In both, the current generation of coming-of-age was born after the liberalisations of the 1990s and 2000s and inherited economies where opportunities were frequently accessed through elite connections or family networks, and few formal and secure job opportunities existed.
Culture is where alienation is expressed when all that a democratic society has to offer is inanity. Because the Nepal youth did not devalue politics, conventional language had become meaningless, protesters embraced textbooks, anime, slogans and encampments.
Structural problems
What connects the Bangladeshi movement to those in Nepal and Sri Lanka, is the coordinated narrative of structural exclusion, rather than an ideological convergence.
These uprisings reveal a deeper structural issue — the fiscal foundation necessary to support inclusive development is lacking in many South Asian states. Politics then becomes more about allocating limited resources than creating a productive economy where taxation is restricted and remittances, aid, or resource rents are heavily relied upon.
Politics also becomes a zero-sum game when state control itself becomes the primary route to wealth. To preserve networks of allegiance, elites seize control of the state, take what they can and recycle just enough.
Democratic openings are frequently susceptible to exploitation in such a setting.

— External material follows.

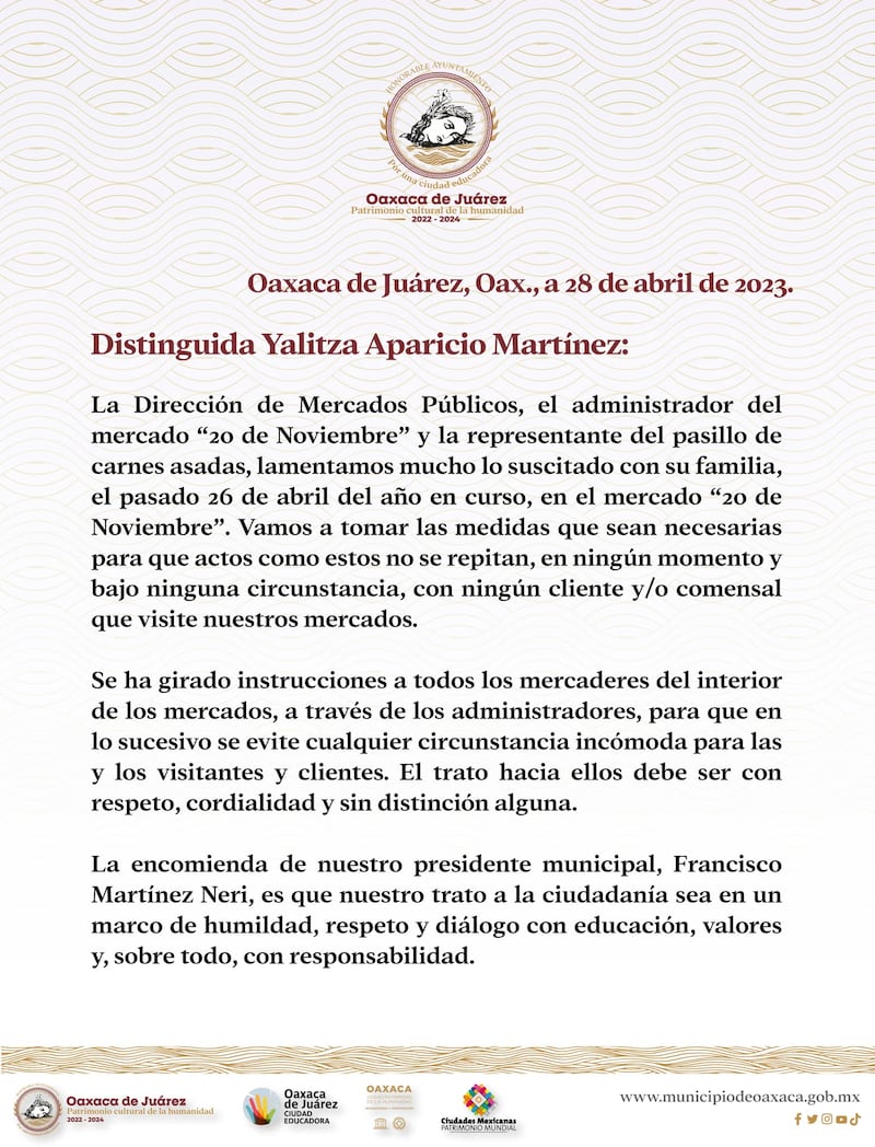 “Lamentamos mucho lo suscitado con su familia, el pasado 26 de abril del año en curso, en el mercado 20 de noviembre. Vamos a tomar las medidas que sean necesarias para que actos como éste no se repitan”, dicta el comunicado que se publicó recientemente.

This path dependency is demonstrated by Nepal’s own history. Since the 1990s, every significant political shift promised inclusion but ultimately resulted in the resurgence of elite factions’ dominance.
Although a dynasty was overthrown in Sri Lanka’s uprising, institutional reform has proven difficult to achieve. Protests in Bangladesh mobilised tremendous energy, but they now face the harsh reality of long-standing authoritarian systems.

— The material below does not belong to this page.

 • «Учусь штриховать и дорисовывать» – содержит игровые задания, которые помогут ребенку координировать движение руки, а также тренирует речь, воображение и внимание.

The trend is similar to other regions of the world where regimes were overthrown by uprisings but institutions remained intact. The 2011 revolution in Egypt serves as the clearest example of how easily hope can be dashed when the military maintains control and the state apparatus remains unchanged.
What comes out of these cases is not indifference, but rather young people’s logical conclusion that politics is off limits to them. Many people migrate or withdraw into silence until their level of exclusion becomes intolerable.
Once the threshold is crossed, they pour into the streets with symbolic gestures that better convey desperation than manifestos or policy proposals ever could.
There is no denying the energy of such movements. But the danger is also just as obvious. If their victories only create a void, it is frequently occupied by the very forces they oppose or by authoritarian organisations that assert that they are re-establishing order.
The warning is clear for South Asian governments. Ritual elections, the distribution of patronage and the performance of democracy without delivery are not sustainable for political systems.
Youth-led movements demonstrate that the states’ ability to increase opportunities and establish institutions that serve common people is what determines legitimacy.
Without employment, education serves as a fertile ground for rebellion. Without economic agency, political freedom breeds explosive annoyance. Furthermore, trust is undermined by governance that lacks accountability, leading to the collapse of even the most basic state authority
Thus, the 2025 uprising in Nepal should be interpreted as a regional mirror as well as a national drama. It illustrates what occurs when a generation that refuses to accept exclusion as their fate collides with decades of elite capture.
Whether political leaders take the message seriously will determine whether South Asia continues on its current trajectory or veers into cycles of instability. Old regimes may be overthrown by revolutions, but only institutions can guarantee that the hopes of a new generation won’t be let down again.
Deepanshu Mohan is Professor of Economics, Jindal School of Liberal Arts and Humanities, O.P. Jindal Global University, Sonipat, Haryana.
Ankur Singh and Anania Singhal are Research Analysts with the Centre for New Economics Studies, O.P. Jindal Global University, Sonipat, Haryana.